Note that the two-valued, almost all-equal input distribution is quite skewed.
The above throughput does not reflect the performance attainable on other
distributions, especially uniform random. However, this choice is deliberate
because Quicksort can terminate early if all values in a partition are equal.
When measuring such a 'best-case' input, we are more likely to observe the cost
of startup overhead in surrounding code. Otherwise, this overhead might be
hidden by the increase in sorting time.
Now let us compare this throughput to the previously mentioned measurement with
AVX-512 warmed up (via slow scatter instructions so that initialization takes
about 100 us, well in excess of the warmup period): 15.2 GB/s, or 5.3 us without
startup cost. It appears the 10 us halt is not happening, possibly because we do
not use SIMD floating-point nor multiplication instructions. Thus we only
experience reduced instruction throughput and/or increased latency. The ratio
between cold and warmed-up time is only 1.6, which is plausible if the Skylake
throttling is actually rounding latencies up to a multiple of four cycles, as
Downs speculates. Indeed a large fraction of the SIMD instructions especially in
the VQSort base case are cross-lane or 64-bit min/max operations with latencies
of 3 cycles on Skylake, so their slowdown might only be 1.3x. The measured 1.6x
could plausibly derive from 7/8 of 1.3x and 1/8 of 4x for single-cycle latency
instructions.
Assuming this understanding of AVX-512 startup cost is valid, how long does it
remain active before the CPU reverts to the previous settings? The CPU cannot
know what future instructions are coming, and to prevent unnecessary
transitions, it has a hysteresis (delay after the last AVX-512 instruction
before shutting down) which Downs measures as 680 us. Thus our benchmark
subsequently sleeps for 100 ms to ensure the next run of the binary sees the
original CPU state. Indeed we find for the five series that the slopes of the
lines of best fit are negative in one case, positive in two, and flat in two,
indicating there is no consistent pattern of benefit for earlier or later runs.
What are the implications for users of VQSort? If the surrounding code executes
an AVX-512 instruction at least every 500 us, then AVX-512 remains active and
**any call to VQSort will benefit from it, no matter how small the input**.
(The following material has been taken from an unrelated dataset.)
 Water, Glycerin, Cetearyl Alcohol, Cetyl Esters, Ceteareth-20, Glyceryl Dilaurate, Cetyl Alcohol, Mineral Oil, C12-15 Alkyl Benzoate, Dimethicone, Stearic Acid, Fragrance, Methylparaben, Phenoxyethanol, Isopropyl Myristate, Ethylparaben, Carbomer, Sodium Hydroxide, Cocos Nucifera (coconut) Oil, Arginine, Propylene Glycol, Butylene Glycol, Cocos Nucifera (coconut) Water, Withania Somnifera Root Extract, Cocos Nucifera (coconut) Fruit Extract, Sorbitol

This is a reasonable expectation for modern systems whose designers were aware
of data-oriented programming principles, because many (though not all) domains
and operations can benefit from SIMD. By contrast, consider the case of dropping
VQSort into an existing legacy system that does not yet use SIMD. In the case of
10K input sizes, we still observe a 2.3x speedup vs. `std::sort`. However, the
following code may have to deal with throttling for the remainder of the 20 us
startup period. With VQSort we have 8.6 us runtime plus up to 11.4 us throttled
code (potentially running at quarter speed) plus the remaining 3/4 of 11.4 for a
total of 28.6. With `std::sort` we have 19.5 us runtime plus 20 us of normal
subsequent code, or 39.5 us. Thus the overall speedup for the 20 us region plus
VQSort **shrinks to 1.4x**, and it is possible to imagine an actual slowdown for
sufficiently small inputs, when factoring in the throttling of subsequent code.
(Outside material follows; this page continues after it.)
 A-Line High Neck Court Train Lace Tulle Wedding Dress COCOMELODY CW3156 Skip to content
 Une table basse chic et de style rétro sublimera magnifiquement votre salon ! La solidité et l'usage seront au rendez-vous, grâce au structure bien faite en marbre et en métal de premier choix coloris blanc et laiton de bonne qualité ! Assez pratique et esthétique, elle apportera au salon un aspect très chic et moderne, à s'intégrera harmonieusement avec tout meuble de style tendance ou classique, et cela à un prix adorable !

This unfortunate 'beggar thy neighbor' effect cannot be solved at the level of
individual building blocks such as a sort, and must instead be addressed at the
system level. For example:
- vectorizing more and more parts of the code to amortize startup cost;
- relying on newer CPUs than Skylake (launched 2015!) which have little or no
AVX-512 startup overhead, such as Intel Icelake (2021) or AMD Zen4 (2022);
- ensuring sorts (or anything else using AVX-512) process at least 100 KiB
of data, such that the expected speedup outweighs any startup cost.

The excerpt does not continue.